Как-то в палату в накинутой на голое тело простыне зашел подполковник Кубасов.
— Извините, ребята, — садясь на табуретку, сказал он. — Пока женщин нет, я сброшу этот гадкий наряд.
Его плечи, грудь и спина показались мне сплошной гноящейся язвой.
— Самолет сгорел от головы до самого хвостика, а я только немного поджарился. Ожог первой степени… Лежу через палату, у лестницы. Да нет —только сижу или по коридору болтаюсь, как маятник, лежать пока моченьки нет.
С Кубасовым мы земляки, воронежские, оба холостяки.
— Вот шкуру подлатаем маленько, немцев добьем и вместе домой, жениться! Верно, земляк?
Я отвечаю ему улыбкой: «Вот у кого уверенности подзанять следует».
— А знаешь, Волков, — продолжает наш командир, — какие у нас девчата отменные? Бровкою поведет этакая прелестница, и все… На край света за ней убежишь.
Кубасов, морщась, набросил простыню.
— Ваша белокрылая голубка влетела, — кивнул он на сестру. —Ну, давайте, братва, побыстрей выздоравливайте, в полку нас на руках носить обещают. Как реликвии.
— Радуйтесь, мелкий воришка, — обратилась ко мне сестра. — В комнате свиданий вас ожидают…
— А почему вдруг воришка, сестрица?
— Знаю я, замечала, как стаканы тащите, только конфузить вас не хотелось.
— А кто меня спрашивает?
— Пока что секрет. Сами увидите.
В комнате свиданий чисто и уютно, как в горнице у хорошей хозяйки. В прохладном полумраке вырисовываются круглый с бархатной скатертью столик, крытые таким же материалом ажурные стулья, диван, завешенное шторой окно. В вазе красные, желтые и белые астры.

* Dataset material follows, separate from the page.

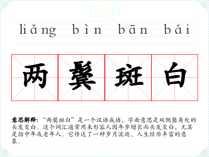 “两鬓斑白”这个词汇源自古代汉语,其中“两鬓”指的是双侧的鬓角,“斑白”则是指颜色斑驳的白。这个词汇随着时间的推移,其基本含义保持不变,但在现代汉语中使用频率可能有所下降。

— Дашенька, ты? — в удивлении замер я у дверей. — Вот так обрадовала! Какими судьбами? Надолго?
Еще в Обояни я узнал, что Дашенька Ломова для меня теперь вторая родная сестра. До предела обескровленному в воздухе, она вернула мне жизнь, из вены в вену отдала свою кровь. Видимо, из старой литературы, а может, и от родителей она впитала в себя романтизм прошлых лет: прятала от подруг свой альбомчик и дневничок, писала втайне стихи, бросала в Быстринку венок из цветов. И вот она стоит рядом со мной: свежая и упругая, как весенняя почка, гибкий девичий стан схвачен широким армейским ремнем, из плена грубой шинели вырывается, но не может вырваться высокая грудь.